Pedro le quitó la camisa, deslizándola por sus hombros. No necesitaba indicaciones para desnudarla. Ninguna instrucción mientras la tomaba en brazos como si no pesara nada, apretando sus nalgas y deslizando los fuertes dedos en el interior de las braguitas.


Estaba tan húmeda por él… en cuanto la tocase lo sabría. Si no lo sabía ya. Solo tenía que tocarla y llegaría al orgasmo.


Pedro acarició sus húmedos pliegues, haciéndola suspirar de placer, antes de dejarla en el suelo, apoyándola en la pared con las piernas abiertas.


Paula las abrió más , empujando las caderas hacia él, haciéndole saber con toda claridad que quería más.


—Por favor —susurró, echándole los brazos al cuello.


Pedro se apretó contra ella y el roce de los vaqueros entre las piernas la hizo suspirar.


—Por favor, no me voy a romper. Haz lo que tú quieras.


Quería sentir su miembro dentro para no cerrarse sobre nada, quería la quemazón de intentar tragárselo entero.


Y entonces Pedro la sentó sobre la encimera, tiró de sus braguitas hacia abajo y se bajó pantalón y calzoncillo a la vez para liberar su miembro, erguido y duro. Sus ojos parecían casi negros mientras lo acercaba a su entrada; solo un poco, nada más que una promesa de que pronto… pronto la llenaría.


Luego abrió su boca con el pulgar y ella lo chupó, tirando de él antes de morder los nudillos.


Estaba jugando con ella, excitándola, haciendo que perdiese la cabeza. Sonriendo, bajó la mano para acariciar su centro con el pulgar, frotando el sitio adecuado.


Paula se mordió los labios para no gritar de placer, pero un gemido escapó de su garganta.


—¿Te gusta?


Él sabía que así era.


El siguiente beso fue sucio, exigente y apasionado.

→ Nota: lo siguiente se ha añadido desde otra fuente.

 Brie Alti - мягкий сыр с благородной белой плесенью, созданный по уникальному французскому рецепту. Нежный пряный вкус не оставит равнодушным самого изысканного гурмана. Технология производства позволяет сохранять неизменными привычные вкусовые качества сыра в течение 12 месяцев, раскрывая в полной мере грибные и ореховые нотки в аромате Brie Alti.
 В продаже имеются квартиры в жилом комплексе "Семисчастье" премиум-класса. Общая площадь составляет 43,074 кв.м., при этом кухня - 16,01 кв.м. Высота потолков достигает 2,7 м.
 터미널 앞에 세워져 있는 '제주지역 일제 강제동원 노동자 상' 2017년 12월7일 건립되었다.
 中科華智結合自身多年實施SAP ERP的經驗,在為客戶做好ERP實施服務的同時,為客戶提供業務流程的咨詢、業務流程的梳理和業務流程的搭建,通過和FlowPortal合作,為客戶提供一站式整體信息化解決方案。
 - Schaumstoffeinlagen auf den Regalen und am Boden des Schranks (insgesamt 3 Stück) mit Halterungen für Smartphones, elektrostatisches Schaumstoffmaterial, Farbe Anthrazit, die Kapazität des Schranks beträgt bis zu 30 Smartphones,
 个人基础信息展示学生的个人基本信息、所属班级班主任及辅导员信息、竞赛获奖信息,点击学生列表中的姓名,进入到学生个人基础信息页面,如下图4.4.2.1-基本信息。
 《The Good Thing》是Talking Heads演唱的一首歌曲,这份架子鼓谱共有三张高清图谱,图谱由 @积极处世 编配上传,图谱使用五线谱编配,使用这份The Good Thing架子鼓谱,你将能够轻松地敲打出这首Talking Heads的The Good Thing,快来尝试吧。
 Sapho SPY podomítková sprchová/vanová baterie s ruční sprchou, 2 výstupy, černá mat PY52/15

Paula estaba desesperada y él sabía que quería más, pero la hizo esperar mientras la llevaba inexorablemente hacia el clímax.


Tuvo que apoyarse en la encimera para empujar las caderas hacia delante, avaricioso, presionando con el pulgar mientras introducía un centímetro más.

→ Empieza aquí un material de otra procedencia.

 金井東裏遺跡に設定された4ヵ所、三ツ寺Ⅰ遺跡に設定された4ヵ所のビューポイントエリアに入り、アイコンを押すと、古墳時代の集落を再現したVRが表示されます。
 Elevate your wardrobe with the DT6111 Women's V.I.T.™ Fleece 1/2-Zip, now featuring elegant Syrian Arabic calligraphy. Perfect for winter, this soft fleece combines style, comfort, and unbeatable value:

Era enorme, duro y tan bienvenido que Paula apenas podía tenerse en pie. Casi… allí, así.


—¿Qué es lo que quieres?


Su voz ronca era como una caricia.Pedro empujó un poco más y ella gritó, frustrada, cuando no le dio más.

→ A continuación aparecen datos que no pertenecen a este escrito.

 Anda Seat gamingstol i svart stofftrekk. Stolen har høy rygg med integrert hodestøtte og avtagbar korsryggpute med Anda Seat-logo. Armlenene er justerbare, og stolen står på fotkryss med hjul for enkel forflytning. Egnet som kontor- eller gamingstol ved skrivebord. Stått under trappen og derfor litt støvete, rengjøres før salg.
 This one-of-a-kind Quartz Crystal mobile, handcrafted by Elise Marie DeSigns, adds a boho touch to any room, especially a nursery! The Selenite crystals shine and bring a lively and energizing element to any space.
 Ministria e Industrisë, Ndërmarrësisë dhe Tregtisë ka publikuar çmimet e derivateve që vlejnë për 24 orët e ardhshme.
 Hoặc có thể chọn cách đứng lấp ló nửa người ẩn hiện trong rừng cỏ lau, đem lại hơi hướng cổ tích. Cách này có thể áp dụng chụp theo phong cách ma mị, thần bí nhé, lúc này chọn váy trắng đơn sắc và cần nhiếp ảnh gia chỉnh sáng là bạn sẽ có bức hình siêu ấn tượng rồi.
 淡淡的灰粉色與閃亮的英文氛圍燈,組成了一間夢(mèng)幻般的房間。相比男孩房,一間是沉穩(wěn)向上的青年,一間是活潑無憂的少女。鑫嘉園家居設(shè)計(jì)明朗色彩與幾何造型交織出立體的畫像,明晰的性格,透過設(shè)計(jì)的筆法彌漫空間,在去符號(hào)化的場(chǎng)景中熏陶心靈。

Pero no iba a dirigirlo. En aquella ocasión, él tenía el mando.


 Muchas veces había querido olvidarse de la responsabilidad y dejar que otro diese las órdenes.


—Lo que tú quieras —susurró—. Lo que tú digas.


—Muy bien —Pedro se hundió profundamente en ella con una poderosa embestida—. Córrete para mí.